When our colleagues reviewed all the relevant evidence as they designed the Chicago study, they found parallels in the local conditions most relevant to the generalizability framework. In Chicago—as in India and Kenya—some of the students had fallen years behind the curriculum, but teachers faced incentives to teach grade-level material rather than catch-up material targeted to students’ actual learning levels. Features of program implementation also had parallels: Tutors could be trained to teach to the level of the student and implement this without having to worry about managing a whole classroom with a wide range of needs. An otherwise prohibitively expensive step (teaching in very small groups) was made feasible by Match Education’s approach of bringing in well-educated individuals who were willing to work for a year for a modest stipend as a public service. As in India, by removing the need for the specialized training of complex classroom management and incentives to focus only on the grade-level curriculum, they were able to run a small-group program for a more scalable cost.
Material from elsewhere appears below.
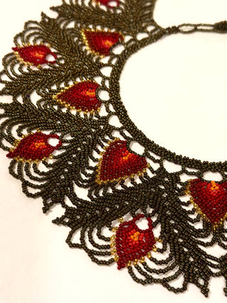 This product was made in Saraguro, Ecuador, by kichwa women who wear traditional necklaces in similar shape, but make new contemporary designs, advancing an indigenous aesthetic into a more sophisticated piece.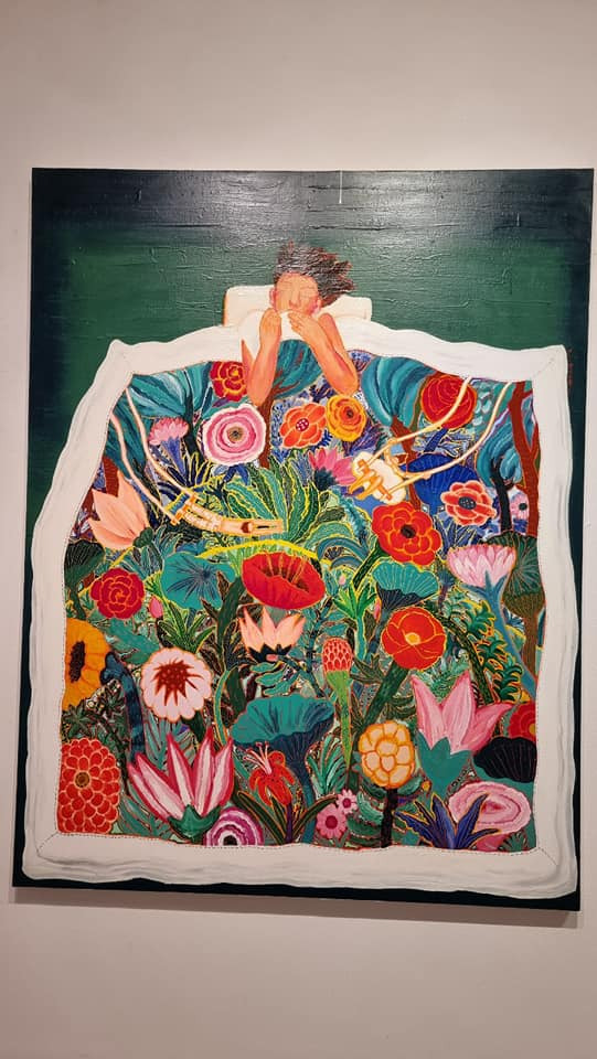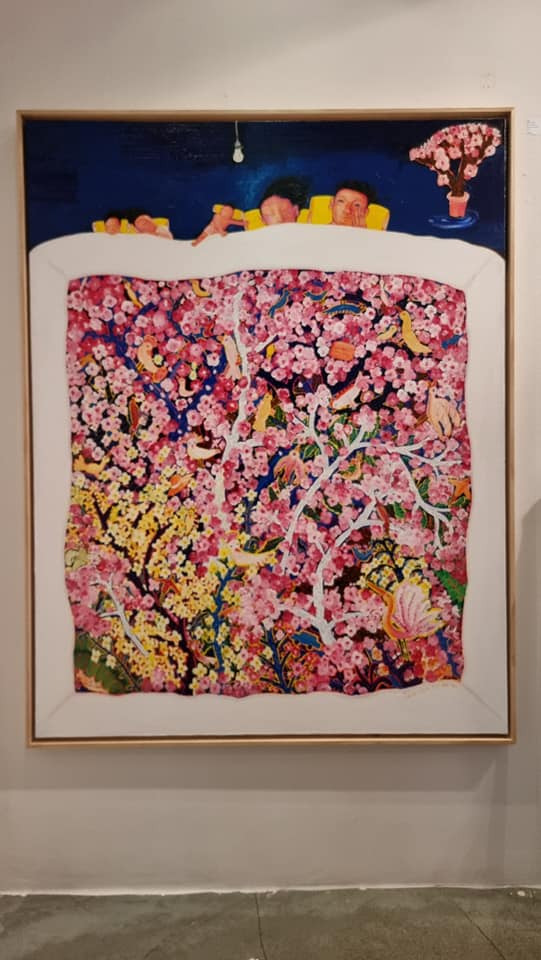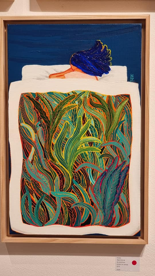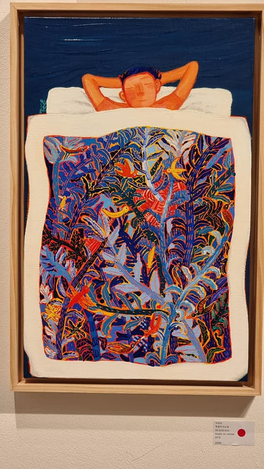 이번 개인전 '폭풍우 치는 밤'에서는 2011년부터 그린 이불 시리즈가 세상 밖으로 나와 선을 보이게 되었다.

This example underscores the importance of drawing connections between seemingly dissimilar studies in a way that a good literature review does. These academic reviews that discuss the common mechanisms behind effective programs are useful for policy makers precisely because they home in on the underlying behaviors that generalize across superficially different contexts. This is very different from the growing fashion in some policy circles of promoting metaanalyses, which are traditionally used in medicine and simply average the effects found across different studies. Although such meta-analysis can give an overview of a particular category of studies, it would not have helped our colleagues in Chicago: The textbook evaluation would have been averaged with other studies testing the effect of other inputs (such as chairs and desks), while the tutoring studies would have been put into another group of studies. A meta-analysis cannot draw the theoretical connections between two studies that are motivated by the same theory but test different interventions.

Understanding Context

Too often, those who care about local context and those who do impact evaluations are seen as opposed, but this perception is false. Those of us who conduct impact evaluations and help governments integrate the lessons into policy care passionately about understanding the local context. The key to the generalizability puzzle is recognizing that we have to break any practical policy question into parts: Some parts of the problem will be answered with local institutional knowledge and descriptive data, and some will be answered with evidence from impact evaluations in other contexts.

The generalizability framework set out in this paper provides a practical approach for combining evidence of different kinds to assess whether a given policy will likely work in a new context. If researchers and policy makers continue to view results of impact evaluations as a black box and fail to focus on mechanisms, the movement toward evidence-based policy making will fall far short of its potential for improving people’s lives.